BEGIN Material supplied
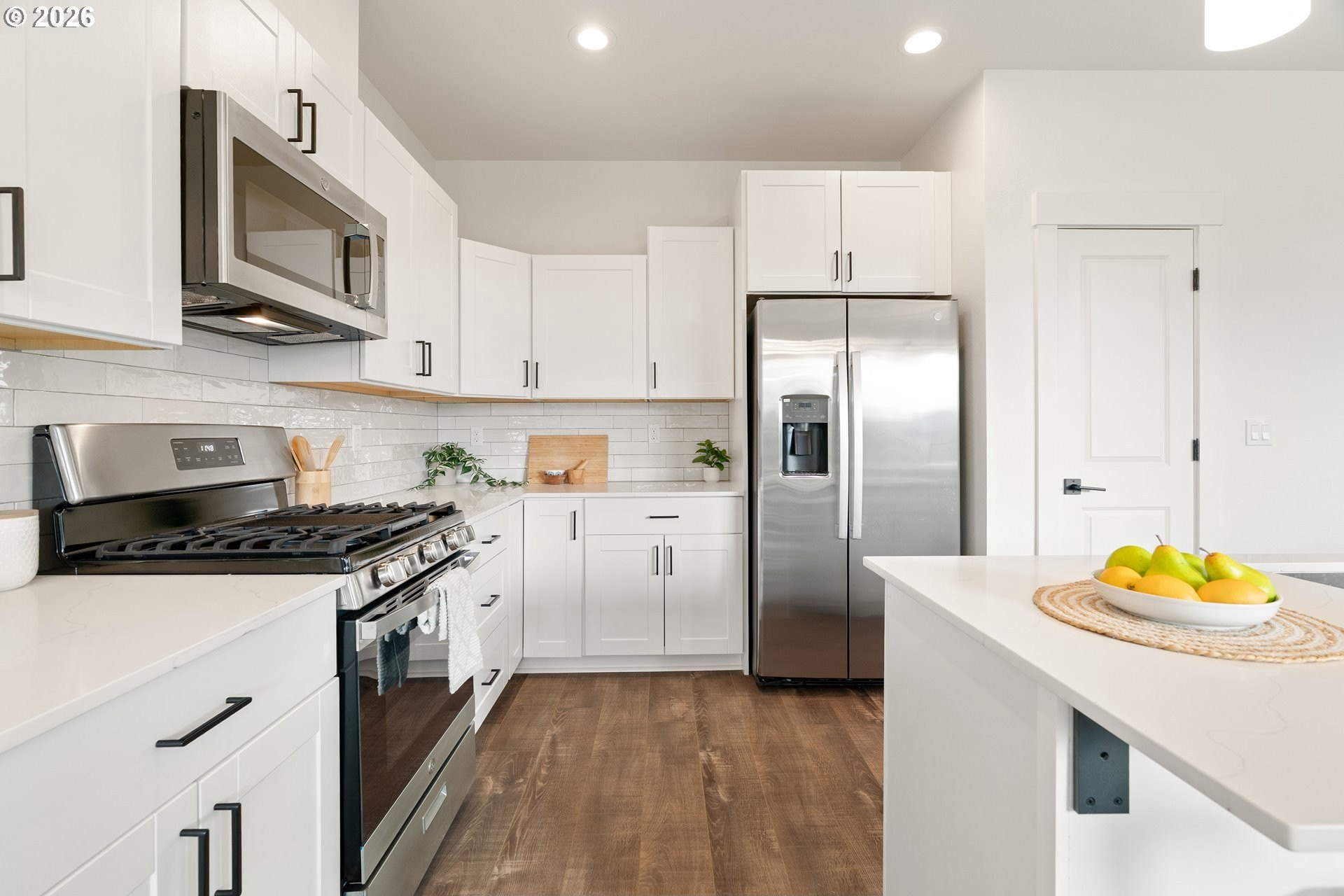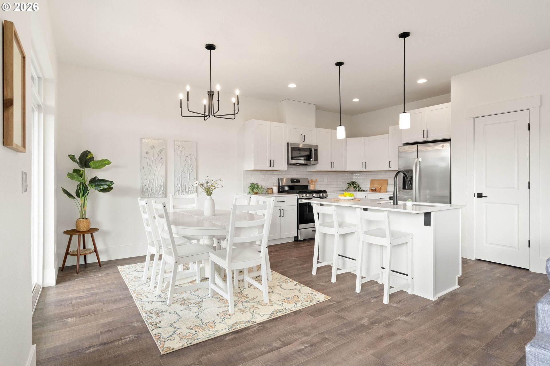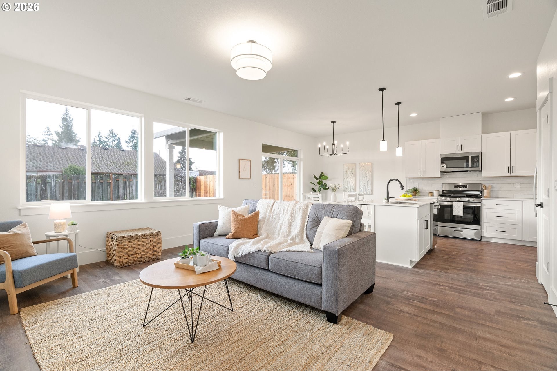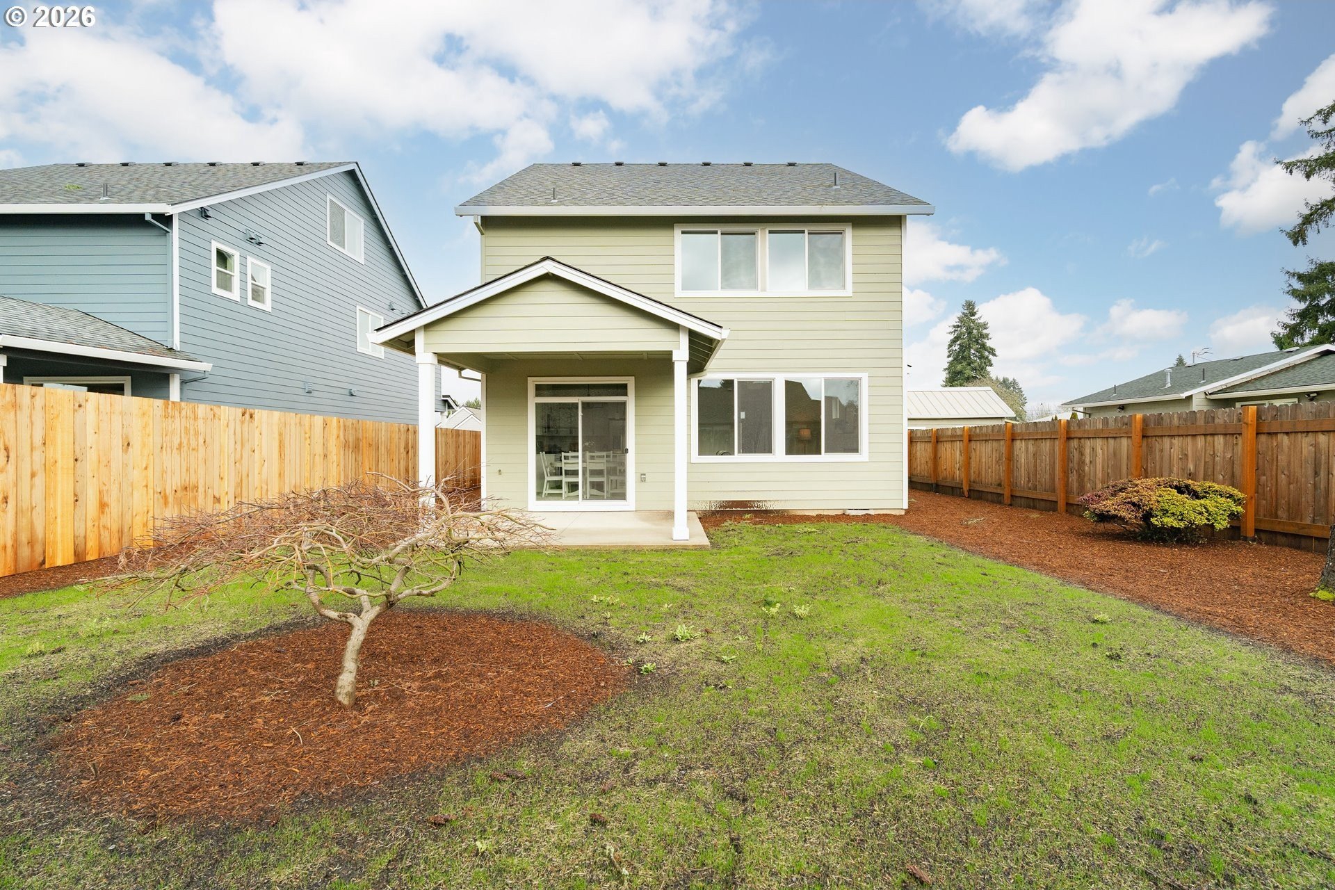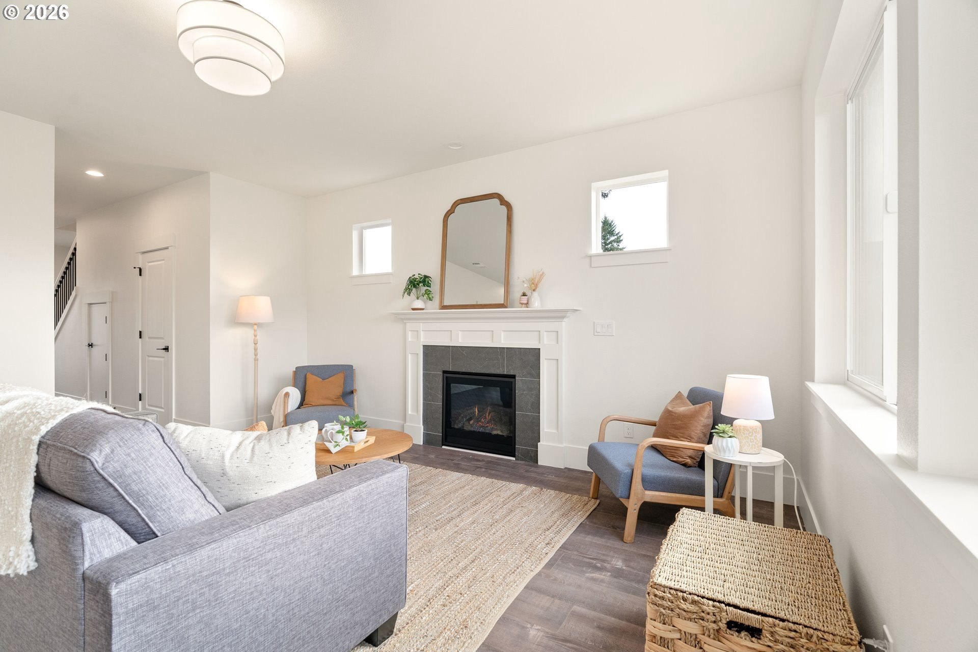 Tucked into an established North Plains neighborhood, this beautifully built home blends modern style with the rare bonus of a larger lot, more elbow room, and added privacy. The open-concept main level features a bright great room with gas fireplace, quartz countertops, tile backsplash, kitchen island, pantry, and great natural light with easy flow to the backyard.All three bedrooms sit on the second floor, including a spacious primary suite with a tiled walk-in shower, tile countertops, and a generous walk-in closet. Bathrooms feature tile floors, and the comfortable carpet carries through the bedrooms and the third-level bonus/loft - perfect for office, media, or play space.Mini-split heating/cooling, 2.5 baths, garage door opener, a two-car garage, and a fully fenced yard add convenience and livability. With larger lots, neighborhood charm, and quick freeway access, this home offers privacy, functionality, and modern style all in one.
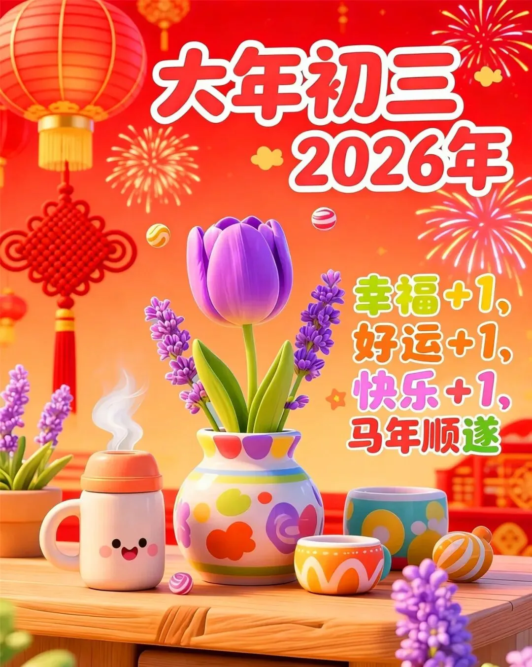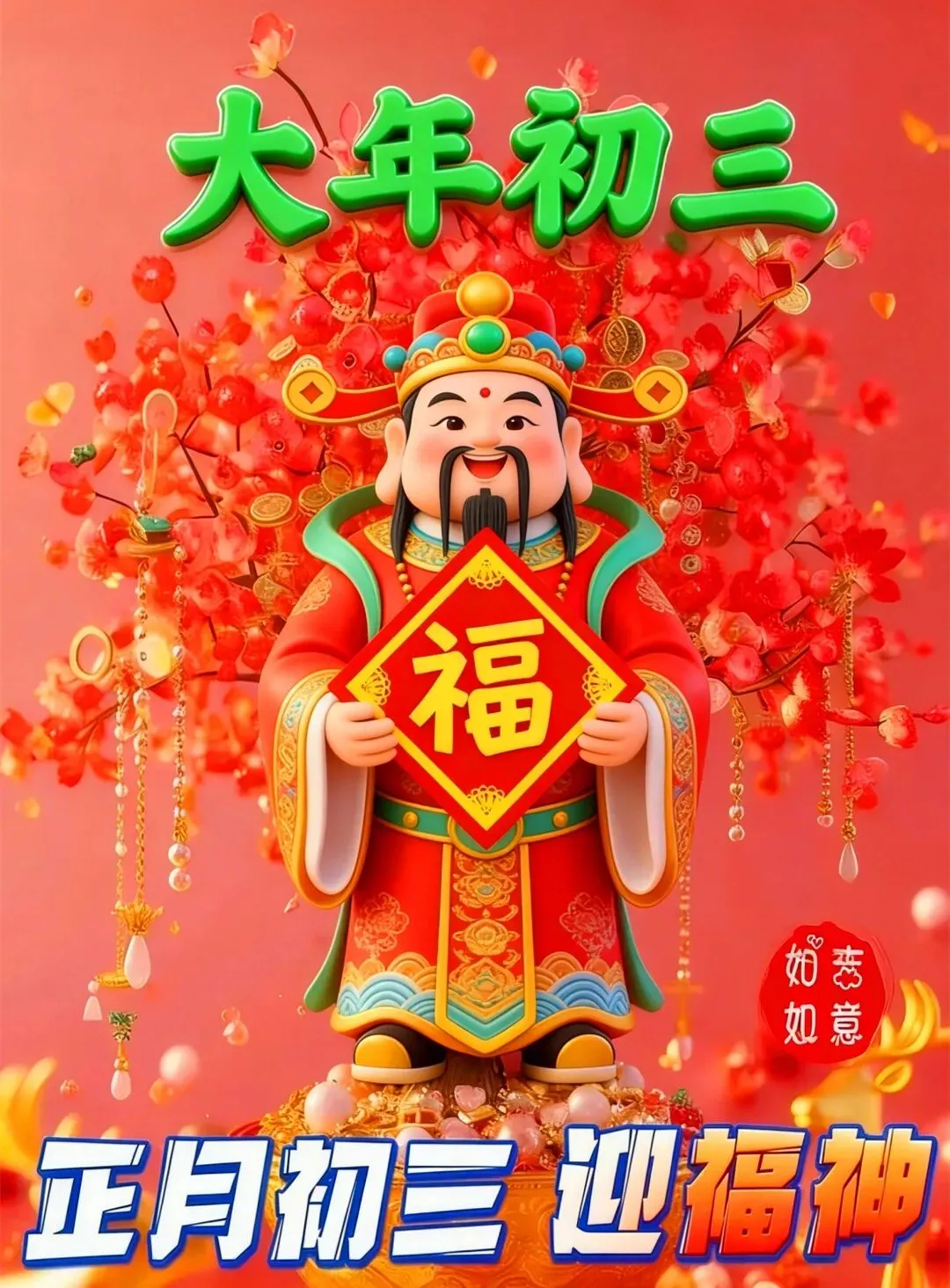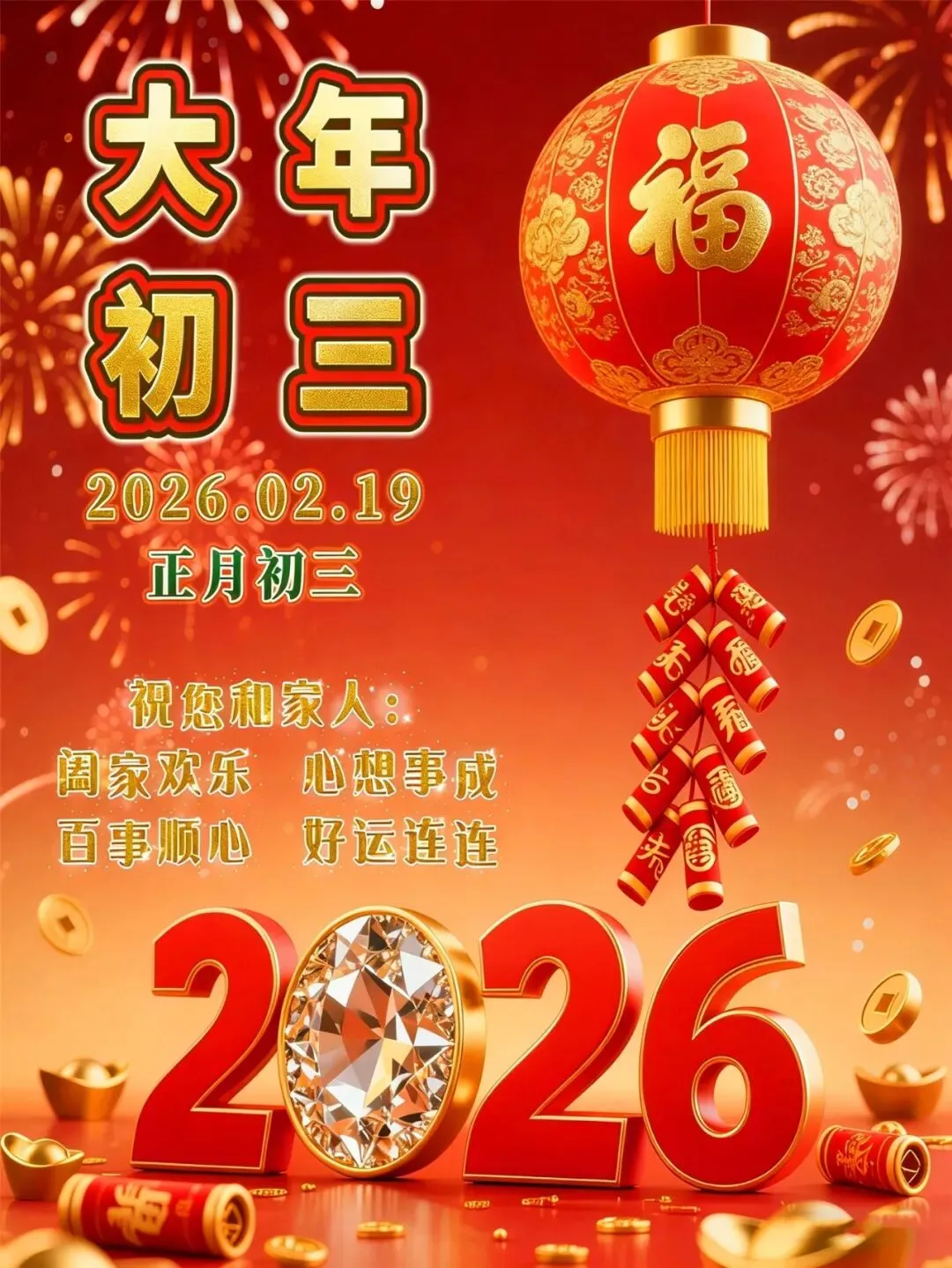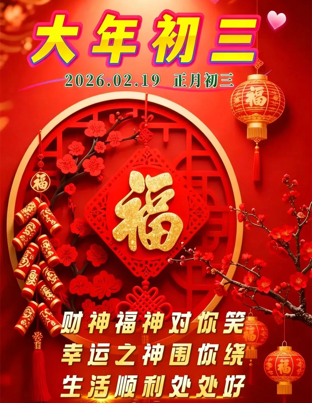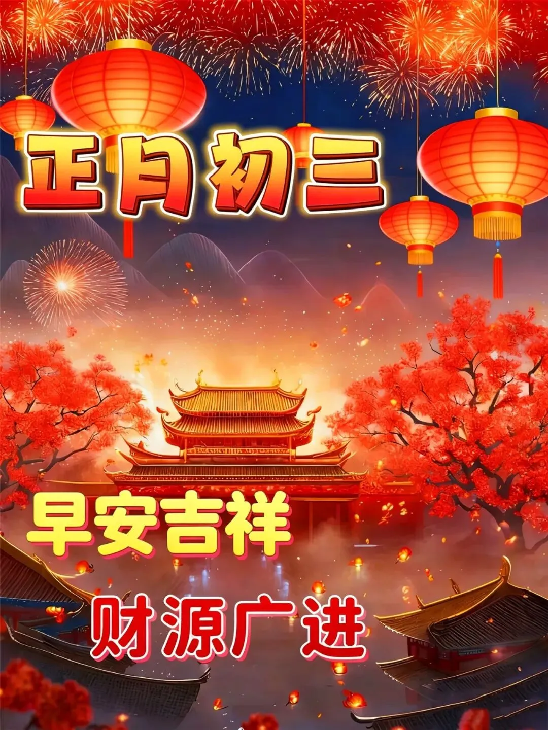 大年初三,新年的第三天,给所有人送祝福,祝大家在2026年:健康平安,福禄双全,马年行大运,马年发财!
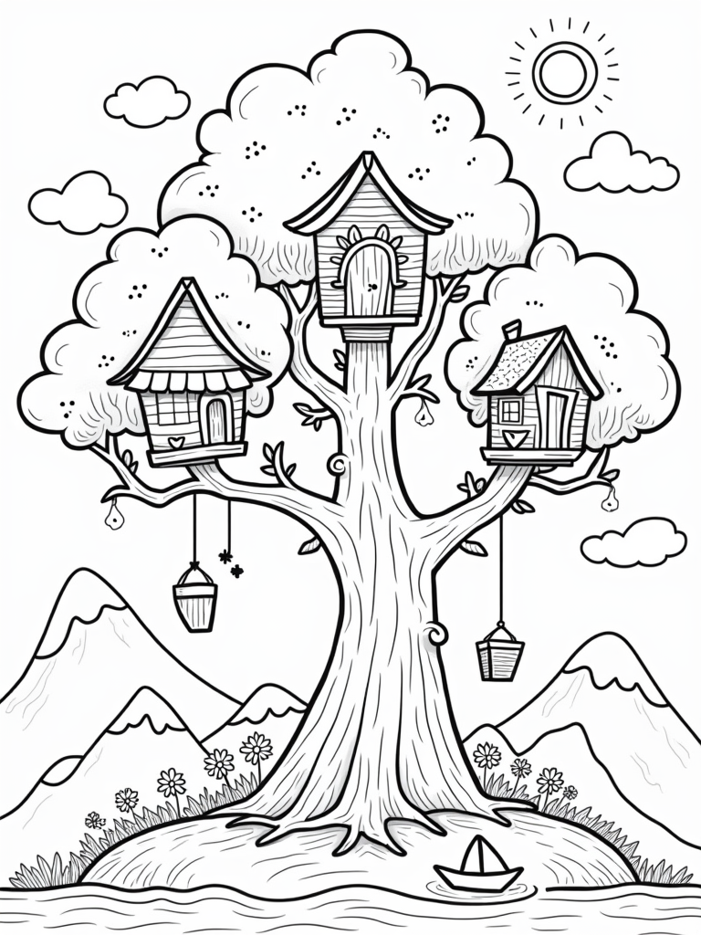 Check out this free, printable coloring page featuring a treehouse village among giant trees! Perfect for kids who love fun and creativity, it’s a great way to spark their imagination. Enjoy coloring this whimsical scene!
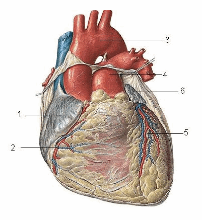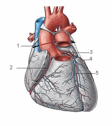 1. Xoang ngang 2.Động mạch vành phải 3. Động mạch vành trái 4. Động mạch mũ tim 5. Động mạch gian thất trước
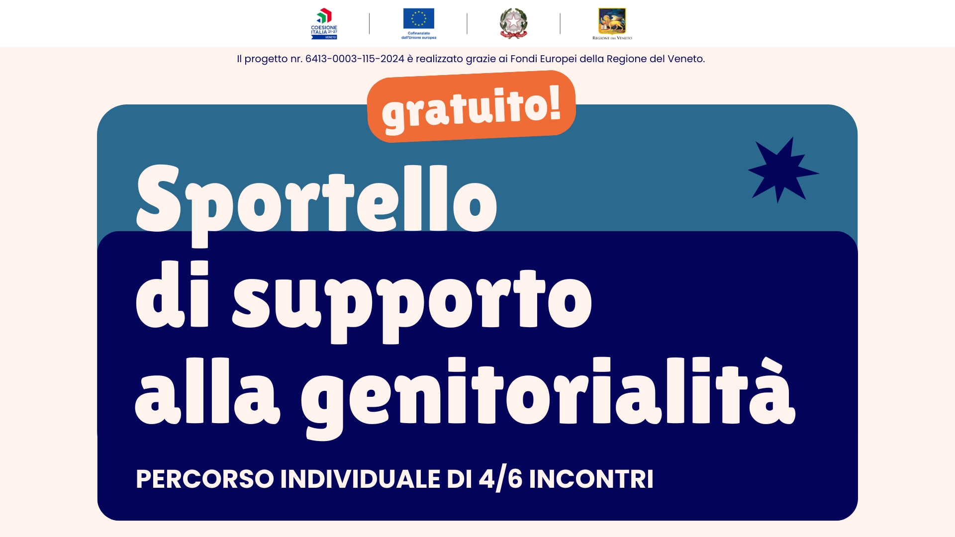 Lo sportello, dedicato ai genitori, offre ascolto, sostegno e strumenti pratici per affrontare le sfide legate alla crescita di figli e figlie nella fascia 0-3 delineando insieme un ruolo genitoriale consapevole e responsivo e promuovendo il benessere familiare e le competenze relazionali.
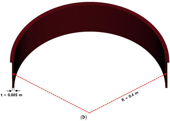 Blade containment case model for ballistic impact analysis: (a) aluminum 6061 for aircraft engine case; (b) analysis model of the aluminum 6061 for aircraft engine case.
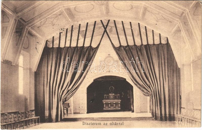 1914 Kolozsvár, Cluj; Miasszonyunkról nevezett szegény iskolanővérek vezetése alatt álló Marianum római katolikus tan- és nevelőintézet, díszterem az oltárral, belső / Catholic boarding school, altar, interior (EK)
END Material supplied
● What you need to do
Give back the records word for word, without their pictures.

● Your response
 Tucked into an established North Plains neighborhood, this beautifully built home blends modern style with the rare bonus of a larger lot, more elbow room, and added privacy. The open-concept main level features a bright great room with gas fireplace, quartz countertops, tile backsplash, kitchen island, pantry, and great natural light with easy flow to the backyard.All three bedrooms sit on the second floor, including a spacious primary suite with a tiled walk-in shower, tile countertops, and a generous walk-in closet. Bathrooms feature tile floors, and the comfortable carpet carries through the bedrooms and the third-level bonus/loft - perfect for office, media, or play space.Mini-split heating/cooling, 2.5 baths, garage door opener, a two-car garage, and a fully fenced yard add convenience and livability. With larger lots, neighborhood charm, and quick freeway access, this home offers privacy, functionality, and modern style all in one.
 大年初三,新年的第三天,给所有人送祝福,祝大家在2026年:健康平安,福禄双全,马年行大运,马年发财!
 Check out this free, printable coloring page featuring a treehouse village among giant trees! Perfect for kids who love fun and creativity, it’s a great way to spark their imagination. Enjoy coloring this whimsical scene!
 1. Xoang ngang 2.Động mạch vành phải 3. Động mạch vành trái 4. Động mạch mũ tim 5. Động mạch gian thất trước
 Lo sportello, dedicato ai genitori, offre ascolto, sostegno e strumenti pratici per affrontare le sfide legate alla crescita di figli e figlie nella fascia 0-3 delineando insieme un ruolo genitoriale consapevole e responsivo e promuovendo il benessere familiare e le competenze relazionali.
 Blade containment case model for ballistic impact analysis: (a) aluminum 6061 for aircraft engine case; (b) analysis model of the aluminum 6061 for aircraft engine case.
 1914 Kolozsvár, Cluj; Miasszonyunkról nevezett szegény iskolanővérek vezetése alatt álló Marianum római katolikus tan- és nevelőintézet, díszterem az oltárral, belső / Catholic boarding school, altar, interior (EK)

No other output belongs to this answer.